* _Task objective_:
Write the listing out again word for word, leaving each picture behind.

* _Available data_:

☆ ☆ ☆ ☆ ☆

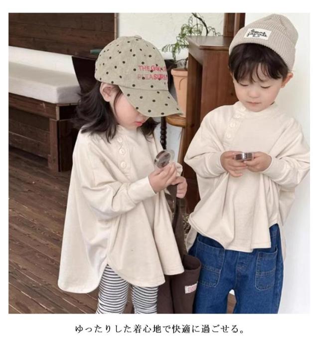 | 90-130cm!ボタン付きTシャツ ゆったりした着心地で快適に過ごせる。 着心地がいい使用感、優しい肌触り、優れた通気性があります。 | |
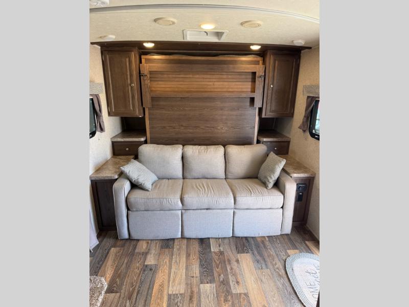 In the front, you will find a queen bed, dual wardrobes and nightstands, plus overhead storage.
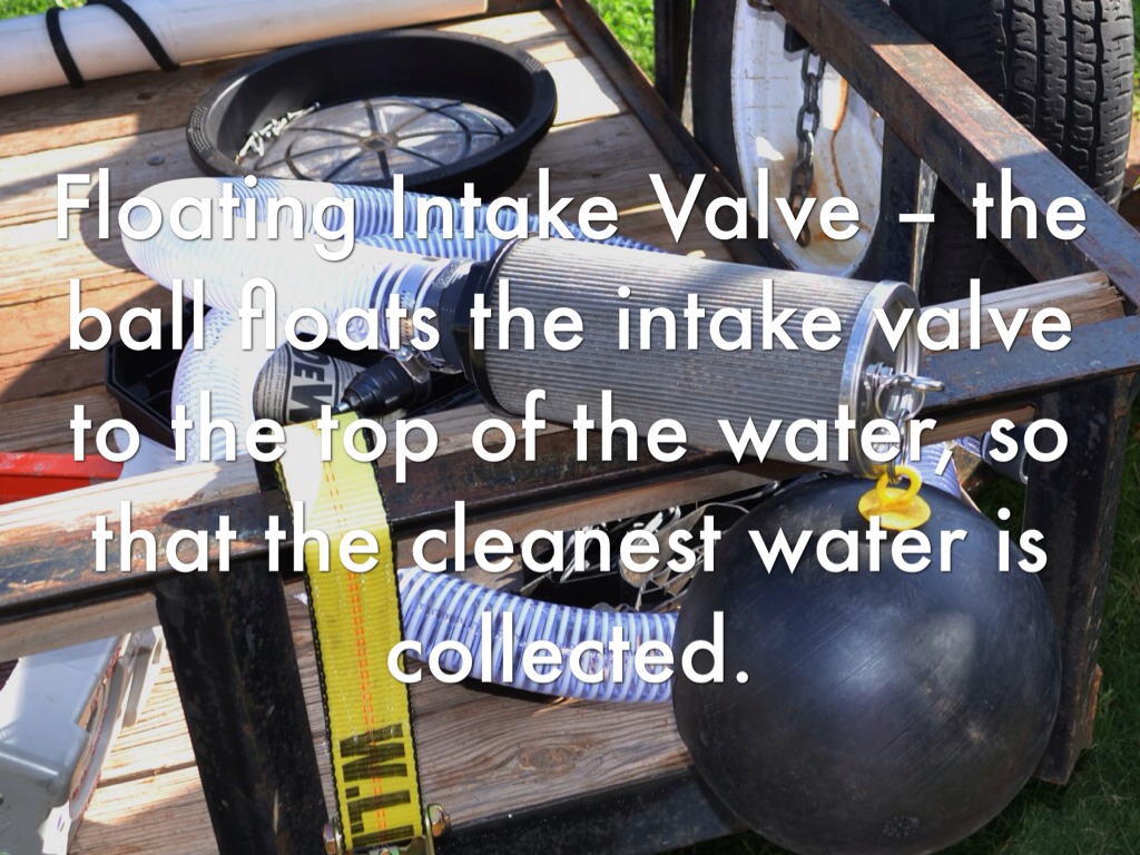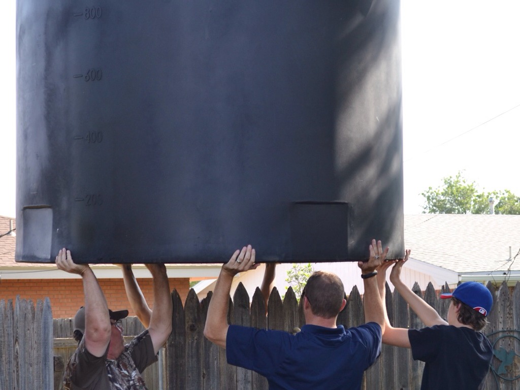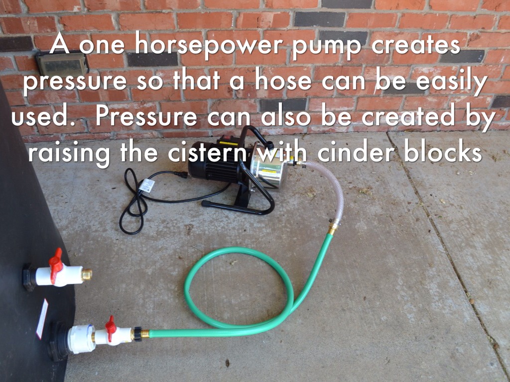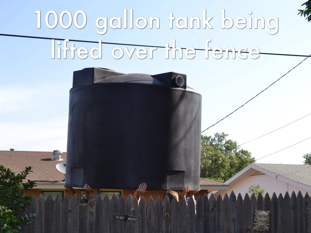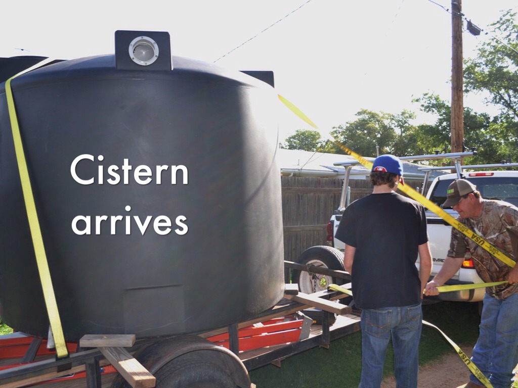 Complete set up – you can see the gutter, the first flush pipe, the intake pipe, and overflow outlet. The intake and overflow pipes are protected by screens to keep insects out

☆ ☆ ☆ ☆ ☆

* _Finished exercise_:
 | 90-130cm!ボタン付きTシャツ ゆったりした着心地で快適に過ごせる。 着心地がいい使用感、優しい肌触り、優れた通気性があります。 | |
 In the front, you will find a queen bed, dual wardrobes and nightstands, plus overhead storage.
 Complete set up – you can see the gutter, the first flush pipe, the intake pipe, and overflow outlet. The intake and overflow pipes are protected by screens to keep insects out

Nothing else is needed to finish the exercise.